2.2.2. Semantic Driven Visualization

The development of CityGML as a standard for the representation and exchange of semantic 3D city models extended their initial purpose of visualization to thematic queries, analytical tasks, or spatial data mining [66]. A semantic driven visualization has been developed to relay information, and improved the usability of virtual 3D city models [67]. However, the magnitude and complexity of virtual 3D city models raise the question of how to expressively and efficiently produce such a visualization. To address this issue, the semiotics of graphics field has been extended to the third dimension [68]. In a paper published in 2015, Semmo et al. [69] present a 3D semiotic model incorporating the studies of several researchers. They distinguish five processing stages in the visualization process:

• The modelling of real-world phenomena, which can be carried out by different kinds of sensors: passive (photogrammetry), active (ground laser scanner, airborne LIDAR), or hybrid (imagery and laser range sensors, hybrid DSM, aerial image and 2D GIS) [70].
• The filtering stage to produce a primary landscape model where only the required information for further processing is selected.
• The mapping of the primary model to a cartographic model via symbolisation (i.e., the application of static retinal variables (e.g., hue, size, transparency) to selected objects).
• The rendering of the cartographic model; that is, the definition of 3D environment settings (e.g., projection, camera attributes, lighting, and atmospheric effects) and potentially the application of enhancement techniques.
• The perceptional aspects of the 3D graphic representation, such as the spatial and temporal coherence of mapping and rendering stages, as well as psychological and physiological cues. When used carefully, they facilitate the communication process [71].

Note that the mapping and rendering stages include the design aspects of Jobst et al. [72] and Häberling et al. [73]. In addition to the filtering stage, they constitute the visualization process defined by Ware [74] that may incorporate the generalisation processes classified by Foerster et al. [75].

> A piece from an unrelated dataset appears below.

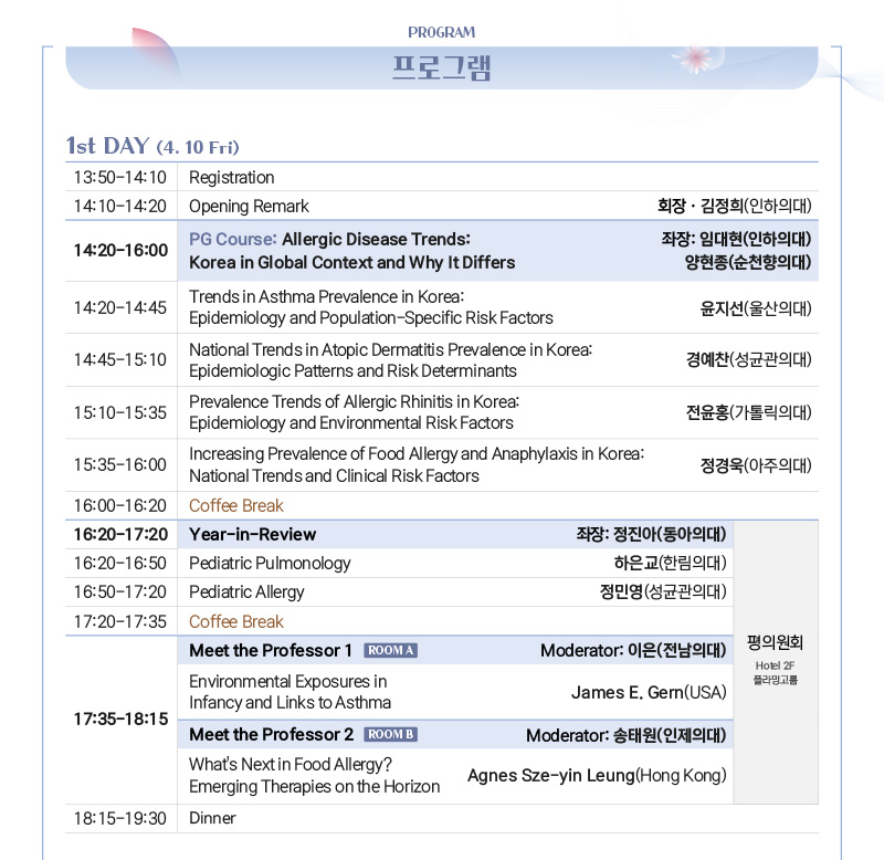 대한 소아알레르기 호흡기학회는 정보통신망법 제 50조의 2, 제50조의 7 등에 의거하여, 대한 소아알레르기 호흡기학회가 운영,관리하는 웹페이지상에서, 이메일 주소 수집 프로그램이나 그 밖의 기술적 장치 등을 이용하여 이메일 주소를 무단으로 수집하는 행위를 거부합니다.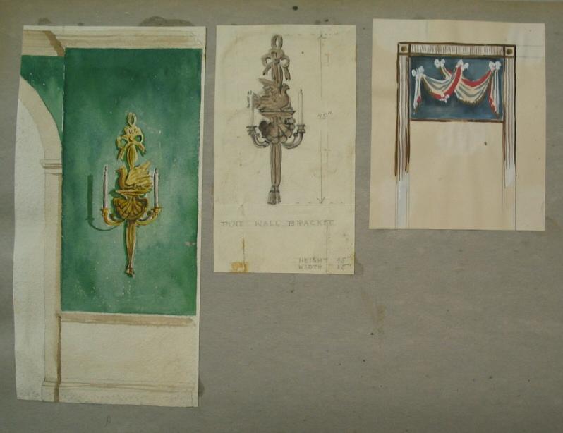 On recto, on central image in pencil: "45" / PINE WALL BRACKET / HEIGHT 45" / WIDTH 15" ", and on cardboard, also in pencil from left to right: "A / B / C".

The main weakness of this 3D semiotic model concerns the user’s involvement across the visualization process (stages 2 to 4) [69]. Indeed, it is common that the visualization of 3D geospatial data collection requires the application of more than one visualization technique [76]. In this case, the selected visualization techniques must at least be able to convey the desired information and mainly not negatively interfere with each other [77,78]. Indeed, graphical conflicts may occur in the visualization process, especially between the mapping and rendering stages. For instance, shadow may hide 3D objects in the 3D environment, making the application of any visual variables useless. In a paper published in 2008, Jobst et al. present a first set of graphical conflicts [72]. While this study introduces graphical conflicts, it has some limitations. First, it only considers incompatibilities among visualization techniques, while they also exist among their targeted purposes (e.g., their perceptual properties). It also does not present a methodological framework that takes additional visualization techniques into account and does not define further connections among visualization techniques and their targeted purposes. Ultimately, the study does not provide a graphic design support tool for assisting the visualization process.

3. Knowledge Network Configuration

3.1. Introduction

To address previous limits, we propose a formalization of the 3D geovisualization. We do not pretend to solve graphical conflicts, but we do believe that with a deep understanding of how 3D geovisualization works, we can at best avoid them and subsequently produce a more efficient visualization of 3D geospatial data. This section aims to present and extend the initial formalism developed by Neuville et al. [79]. The insertion of camera settings in the mathematical framework as well as their connections to visualization techniques are new, and enhance the formalization process.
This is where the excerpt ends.